From the New York Birdcage Liner:
David Barron and Martin Lederman had a problem. As lawyers in the Justice Department’s Office of Legal Counsel, it had fallen to them to declare whether deliberately killing Mr. Awlaki, despite his citizenship, would be lawful, assuming it was not feasible to capture him. The question raised a complex tangle of potential obstacles under both international and domestic law, and Mr. Awlaki might be located at any moment.

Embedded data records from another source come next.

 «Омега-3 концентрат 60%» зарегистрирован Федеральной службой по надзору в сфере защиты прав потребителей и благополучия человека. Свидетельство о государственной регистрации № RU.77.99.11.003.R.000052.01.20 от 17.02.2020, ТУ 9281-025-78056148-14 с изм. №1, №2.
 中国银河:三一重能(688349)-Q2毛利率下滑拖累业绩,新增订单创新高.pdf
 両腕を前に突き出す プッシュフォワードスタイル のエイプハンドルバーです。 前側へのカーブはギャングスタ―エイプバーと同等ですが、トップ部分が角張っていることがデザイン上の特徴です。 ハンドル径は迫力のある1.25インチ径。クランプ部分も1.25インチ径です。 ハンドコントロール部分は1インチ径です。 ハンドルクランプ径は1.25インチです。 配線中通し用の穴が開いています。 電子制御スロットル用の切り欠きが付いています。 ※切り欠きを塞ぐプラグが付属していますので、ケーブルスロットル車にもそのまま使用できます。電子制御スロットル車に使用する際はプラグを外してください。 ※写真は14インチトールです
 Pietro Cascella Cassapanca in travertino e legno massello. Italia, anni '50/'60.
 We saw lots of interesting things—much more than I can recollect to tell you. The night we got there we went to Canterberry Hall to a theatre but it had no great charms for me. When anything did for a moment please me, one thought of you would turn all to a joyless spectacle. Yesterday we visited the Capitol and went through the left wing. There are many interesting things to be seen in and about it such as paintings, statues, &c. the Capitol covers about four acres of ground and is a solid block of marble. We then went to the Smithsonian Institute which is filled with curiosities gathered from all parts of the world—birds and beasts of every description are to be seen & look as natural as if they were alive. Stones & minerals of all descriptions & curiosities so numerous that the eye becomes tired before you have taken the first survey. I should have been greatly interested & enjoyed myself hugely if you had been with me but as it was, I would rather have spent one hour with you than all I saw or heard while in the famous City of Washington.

According to officials familiar with the deliberations, the lawyers threw themselves into the project and swiftly completed a short memorandum. It preliminarily concluded, based on the evidence available at the time, that Mr. Awlaki was a lawful target because he was participating in the war with Al Qaeda and also because he was a specific threat to the country. The overlapping reasoning justified a strike either by the Pentagon, which generally operated within the Congressional authorization to use military force against Al Qaeda, or by the C.I.A., a civilian agency which generally operated within a “national self-defense” framework deriving from a president’s security powers.
They also analyzed other bodies of law to see whether they would render a strike impermissible, concluding that they did not. For example, the Yemeni government had granted permission for airstrikes on its soil as long as the United States did not acknowledge its role, so such strikes would not violate Yemeni sovereignty.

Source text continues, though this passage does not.